» PROBLEM
Below, locate the line that contains "Postcard of West Street in 1948". Repeat exactly from that line to the line that contains "Tain ita kisüng", inclusive, leaving out the pictures.

***** INFORMATION SUPPLIED *****

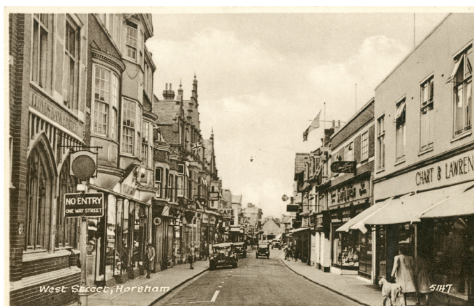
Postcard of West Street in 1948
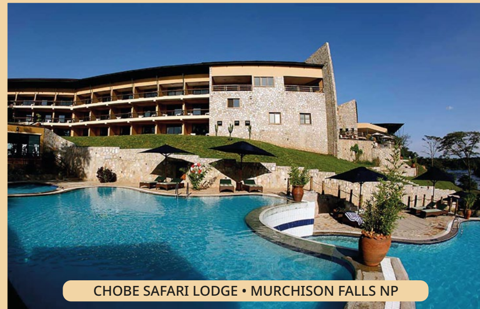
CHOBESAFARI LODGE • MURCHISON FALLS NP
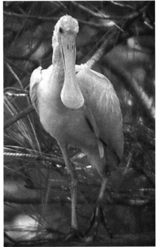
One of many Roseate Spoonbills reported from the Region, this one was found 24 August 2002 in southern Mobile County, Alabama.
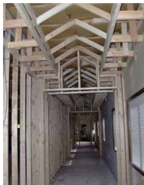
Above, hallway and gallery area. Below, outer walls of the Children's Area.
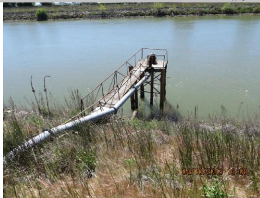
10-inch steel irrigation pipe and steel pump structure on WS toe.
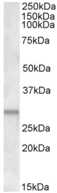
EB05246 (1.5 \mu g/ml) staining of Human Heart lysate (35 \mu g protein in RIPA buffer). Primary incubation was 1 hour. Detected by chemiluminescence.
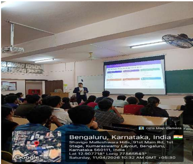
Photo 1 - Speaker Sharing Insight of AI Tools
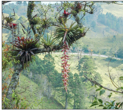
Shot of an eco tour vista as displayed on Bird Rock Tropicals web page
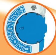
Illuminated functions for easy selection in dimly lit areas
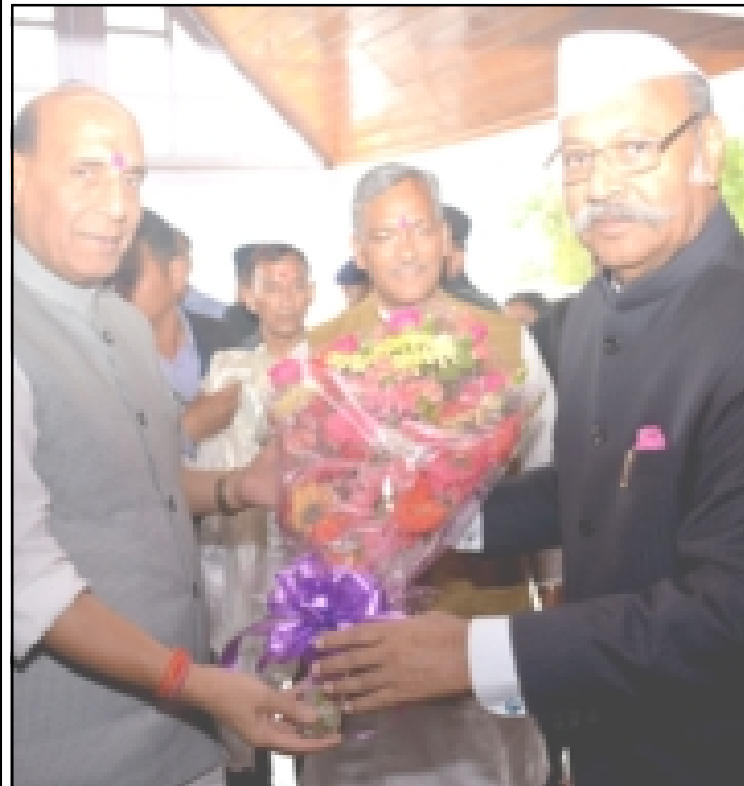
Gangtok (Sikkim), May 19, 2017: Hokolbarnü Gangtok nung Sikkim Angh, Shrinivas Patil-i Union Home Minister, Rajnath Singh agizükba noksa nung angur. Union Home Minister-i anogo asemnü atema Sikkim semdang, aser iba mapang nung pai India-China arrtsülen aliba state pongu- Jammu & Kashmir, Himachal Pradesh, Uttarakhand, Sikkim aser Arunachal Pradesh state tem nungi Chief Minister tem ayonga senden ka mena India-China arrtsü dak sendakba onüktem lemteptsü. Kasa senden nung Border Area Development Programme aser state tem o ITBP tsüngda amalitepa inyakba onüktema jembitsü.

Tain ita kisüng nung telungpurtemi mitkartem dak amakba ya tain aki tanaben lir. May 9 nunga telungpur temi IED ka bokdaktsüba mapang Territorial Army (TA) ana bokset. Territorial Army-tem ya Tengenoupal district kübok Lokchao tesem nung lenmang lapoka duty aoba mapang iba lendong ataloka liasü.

*****
***** INFORMATION SUPPLIED *****

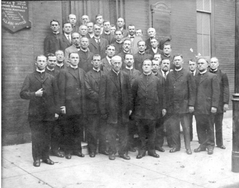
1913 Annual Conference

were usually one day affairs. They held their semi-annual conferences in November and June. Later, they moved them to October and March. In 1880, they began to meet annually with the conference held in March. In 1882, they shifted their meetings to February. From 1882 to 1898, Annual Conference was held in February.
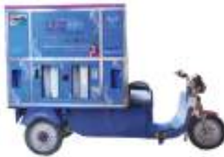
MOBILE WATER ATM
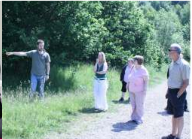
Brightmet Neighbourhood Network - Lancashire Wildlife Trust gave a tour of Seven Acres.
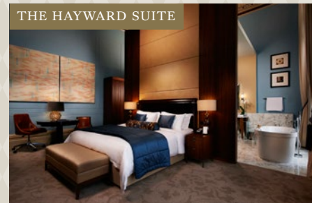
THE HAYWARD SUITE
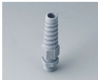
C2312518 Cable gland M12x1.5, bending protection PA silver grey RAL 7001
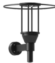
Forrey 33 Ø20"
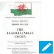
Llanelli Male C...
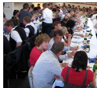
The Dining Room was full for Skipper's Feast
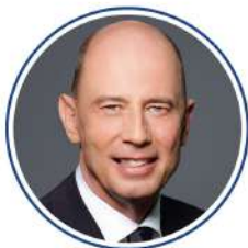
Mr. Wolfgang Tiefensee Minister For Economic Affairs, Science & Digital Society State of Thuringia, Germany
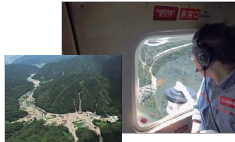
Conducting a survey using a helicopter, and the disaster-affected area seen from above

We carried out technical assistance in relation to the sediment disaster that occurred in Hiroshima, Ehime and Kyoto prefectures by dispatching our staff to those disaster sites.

*****

» YOUR RESPONSE
Postcard of West Street in 1948
CHOBESAFARI LODGE • MURCHISON FALLS NP
One of many Roseate Spoonbills reported from the Region, this one was found 24 August 2002 in southern Mobile County, Alabama.
Above, hallway and gallery area. Below, outer walls of the Children's Area.
10-inch steel irrigation pipe and steel pump structure on WS toe.
EB05246 (1.5 \mu g/ml) staining of Human Heart lysate (35 \mu g protein in RIPA buffer). Primary incubation was 1 hour. Detected by chemiluminescence.
Photo 1 - Speaker Sharing Insight of AI Tools
Shot of an eco tour vista as displayed on Bird Rock Tropicals web page
Illuminated functions for easy selection in dimly lit areas
Gangtok (Sikkim), May 19, 2017: Hokolbarnü Gangtok nung Sikkim Angh, Shrinivas Patil-i Union Home Minister, Rajnath Singh agizükba noksa nung angur. Union Home Minister-i anogo asemnü atema Sikkim semdang, aser iba mapang nung pai India-China arrtsülen aliba state pongu- Jammu & Kashmir, Himachal Pradesh, Uttarakhand, Sikkim aser Arunachal Pradesh state tem nungi Chief Minister tem ayonga senden ka mena India-China arrtsü dak sendakba onüktem lemteptsü. Kasa senden nung Border Area Development Programme aser state tem o ITBP tsüngda amalitepa inyakba onüktema jembitsü.

Tain ita kisüng nung telungpurtemi mitkartem dak amakba ya tain aki tanaben lir. May 9 nunga telungpur temi IED ka bokdaktsüba mapang Territorial Army (TA) ana bokset. Territorial Army-tem ya Tengenoupal district kübok Lokchao tesem nung lenmang lapoka duty aoba mapang iba lendong ataloka liasü.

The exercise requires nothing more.